- [WORK INSTRUCTIONS]:
Provide the data again in its entirety, exactly as given.

- [Items from a data source]:
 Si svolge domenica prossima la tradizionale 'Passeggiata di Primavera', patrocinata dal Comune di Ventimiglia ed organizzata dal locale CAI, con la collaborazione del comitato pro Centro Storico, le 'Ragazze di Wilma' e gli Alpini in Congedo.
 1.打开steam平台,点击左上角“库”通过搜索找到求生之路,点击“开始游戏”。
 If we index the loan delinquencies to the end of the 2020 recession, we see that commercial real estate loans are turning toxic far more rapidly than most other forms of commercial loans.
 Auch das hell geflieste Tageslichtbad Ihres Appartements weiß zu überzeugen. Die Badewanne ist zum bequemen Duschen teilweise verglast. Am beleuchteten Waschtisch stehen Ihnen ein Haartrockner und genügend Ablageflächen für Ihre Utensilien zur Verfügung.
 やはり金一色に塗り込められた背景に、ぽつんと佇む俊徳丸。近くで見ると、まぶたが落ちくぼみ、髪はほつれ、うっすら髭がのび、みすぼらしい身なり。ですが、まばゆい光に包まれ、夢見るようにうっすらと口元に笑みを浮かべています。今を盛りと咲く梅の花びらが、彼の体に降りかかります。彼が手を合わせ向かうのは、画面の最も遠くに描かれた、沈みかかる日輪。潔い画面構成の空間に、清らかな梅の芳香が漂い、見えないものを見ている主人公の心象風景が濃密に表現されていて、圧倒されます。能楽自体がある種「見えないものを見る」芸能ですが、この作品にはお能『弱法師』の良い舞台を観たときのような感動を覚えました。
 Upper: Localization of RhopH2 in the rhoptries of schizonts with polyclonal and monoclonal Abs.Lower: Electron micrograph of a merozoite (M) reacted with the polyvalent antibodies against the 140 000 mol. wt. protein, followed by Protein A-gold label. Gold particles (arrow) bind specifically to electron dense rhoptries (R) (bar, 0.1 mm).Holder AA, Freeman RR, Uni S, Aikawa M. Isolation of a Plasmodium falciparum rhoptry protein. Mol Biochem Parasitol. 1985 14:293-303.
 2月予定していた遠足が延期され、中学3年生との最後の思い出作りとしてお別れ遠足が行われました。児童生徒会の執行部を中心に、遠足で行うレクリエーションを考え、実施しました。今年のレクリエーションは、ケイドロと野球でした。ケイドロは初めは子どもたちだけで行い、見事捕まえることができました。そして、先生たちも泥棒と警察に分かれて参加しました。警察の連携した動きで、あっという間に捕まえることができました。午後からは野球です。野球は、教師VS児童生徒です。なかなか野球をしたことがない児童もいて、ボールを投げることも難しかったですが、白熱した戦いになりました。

- [SOLUTION FOR THIS EXERCISE]:
 Si svolge domenica prossima la tradizionale 'Passeggiata di Primavera', patrocinata dal Comune di Ventimiglia ed organizzata dal locale CAI, con la collaborazione del comitato pro Centro Storico, le 'Ragazze di Wilma' e gli Alpini in Congedo.
 1.打开steam平台,点击左上角“库”通过搜索找到求生之路,点击“开始游戏”。
 If we index the loan delinquencies to the end of the 2020 recession, we see that commercial real estate loans are turning toxic far more rapidly than most other forms of commercial loans.
 Auch das hell geflieste Tageslichtbad Ihres Appartements weiß zu überzeugen. Die Badewanne ist zum bequemen Duschen teilweise verglast. Am beleuchteten Waschtisch stehen Ihnen ein Haartrockner und genügend Ablageflächen für Ihre Utensilien zur Verfügung.
 やはり金一色に塗り込められた背景に、ぽつんと佇む俊徳丸。近くで見ると、まぶたが落ちくぼみ、髪はほつれ、うっすら髭がのび、みすぼらしい身なり。ですが、まばゆい光に包まれ、夢見るようにうっすらと口元に笑みを浮かべています。今を盛りと咲く梅の花びらが、彼の体に降りかかります。彼が手を合わせ向かうのは、画面の最も遠くに描かれた、沈みかかる日輪。潔い画面構成の空間に、清らかな梅の芳香が漂い、見えないものを見ている主人公の心象風景が濃密に表現されていて、圧倒されます。能楽自体がある種「見えないものを見る」芸能ですが、この作品にはお能『弱法師』の良い舞台を観たときのような感動を覚えました。
 Upper: Localization of RhopH2 in the rhoptries of schizonts with polyclonal and monoclonal Abs.Lower: Electron micrograph of a merozoite (M) reacted with the polyvalent antibodies against the 140 000 mol. wt. protein, followed by Protein A-gold label. Gold particles (arrow) bind specifically to electron dense rhoptries (R) (bar, 0.1 mm).Holder AA, Freeman RR, Uni S, Aikawa M. Isolation of a Plasmodium falciparum rhoptry protein. Mol Biochem Parasitol. 1985 14:293-303.
 2月予定していた遠足が延期され、中学3年生との最後の思い出作りとしてお別れ遠足が行われました。児童生徒会の執行部を中心に、遠足で行うレクリエーションを考え、実施しました。今年のレクリエーションは、ケイドロと野球でした。ケイドロは初めは子どもたちだけで行い、見事捕まえることができました。そして、先生たちも泥棒と警察に分かれて参加しました。警察の連携した動きで、あっという間に捕まえることができました。午後からは野球です。野球は、教師VS児童生徒です。なかなか野球をしたことがない児童もいて、ボールを投げることも難しかったですが、白熱した戦いになりました。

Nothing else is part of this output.